A New Study Shows the “Bathroom Bill” Hysteria Is Unfounded
It found no link between transgender protections and crime in Massachusetts.
If you’re the kind of person who is passionately opposed to the state’s 2016 transgender accommodations law, sometimes called a “bathroom bill,” what you really need to believe is that giving trans people access to the restrooms and locker rooms of their choosing is a threat to public safety. Think of the children, say groups who oppose the anti-discrimination law, like one called Keep MA Safe, who urge you in TV commercials to imagine your daughter, gasp, sharing a restroom with a trans woman.
But a new report from the Williams Institute at UCLA School of Law has found that just isn’t the case. Researchers in the peer-reviewed study pored over police records in Massachusetts communities, comparing those that had “bathroom bill” transgender protections on the books in the two years before the law passed with those that didn’t, and found no link between anti-discrimination rules and the bathroom-related crimes that we we’ve been warned about.
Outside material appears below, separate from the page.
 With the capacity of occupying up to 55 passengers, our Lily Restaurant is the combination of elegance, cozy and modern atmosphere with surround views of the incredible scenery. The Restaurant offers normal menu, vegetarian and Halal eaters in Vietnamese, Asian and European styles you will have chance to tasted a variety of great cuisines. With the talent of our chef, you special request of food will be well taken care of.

“Opponents of public accommodations laws that include gender identity protections often claim that the laws leave women and children vulnerable to attack in public restrooms,” study author Amira Hasenbush says in a statement. “But this study provides evidence that these incidents are rare and unrelated to the laws.”
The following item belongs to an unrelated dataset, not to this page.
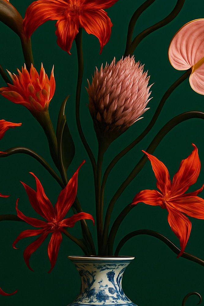 Expressive still life with fiery flowers in a classic Delft blue vase. A bold, elegant eye-catcher for an interior with character and warmth.
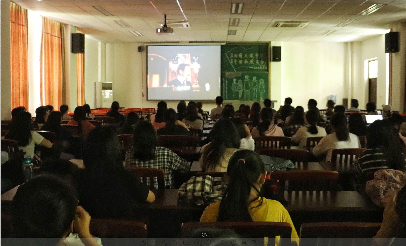 随后在中午12时40分,“五四薪火焕新华,百年传承照古今”五四主题电影展在伟德国际19461209教室举行。电影展播放了电影《我的1919》,让同学们在五四运动一百周年之际,重温五四的历史,直面百年前的风潮。更好地理解五四精神,并从中获取力量,以响应习主席对青年的希望。同学们通过此次电影展感受到五四精神没有停在五四运动,而是随着时代的发展不断向前。希望本次活动能让爱国主义深植于同学们的心中,将五四精神真切地付诸实践。至此,本次伟德国际1946五四系列相关活动圆满结束。

“That’s right: Ensuring dignity and respect for our #transgender neighbors in #Massachusetts is NOT a threat to public safety,” Freedom Massachusetts, the group that pushed for the law and is now working to defend it from repeal, wrote in a tweet Wednesday.
And as has been pointed out again and again at this point, it is still illegal to spy on someone in a bathroom, or assault them. In the unlikely event that someone feigns a transgender identity to gain access to a women’s bathroom, and then commits some other crime while inside, they can still be prosecuted for doing so. Is that really all that hard to understand?
“Research has shown that transgender people are frequently denied access, verbally harassed or physically assaulted while trying to use public restrooms,” says Jody L. Herman, another of the study’s authors, also in a statement. “This study should provide some assurance that these types of public accommodations laws provide necessary protections for transgender people and maintain safety and privacy for everyone.”
All of this is important because a ballot question will give Massachusetts voters the chance to repeal the public accommodations law—sometimes called a “bathroom bill”—in November, the first time in the nation such a question has been put to voters statewide. It could be close. Polling has suggested voters are in favor of keeping the law in place, but not by a large margin. Fundraising data shows the pro-trans rights side is much better funded than the opposition: The campaign has about $1 million on hand, according to the State House News Service, while opponents have about $26,000. Expect to see more misguided fear-inducing ads as election day approaches, though.
“Historically, anti-transgender activists wait as long as possible before last-minute funds are provided to pay for misleading TV ads meant to scare voters,” Yes on 3 campaign co-chair Kasey Suffredini tells the News Service. “We must be fully resources [sic] to promote the truth about what this law really does until the very last votes are cast.”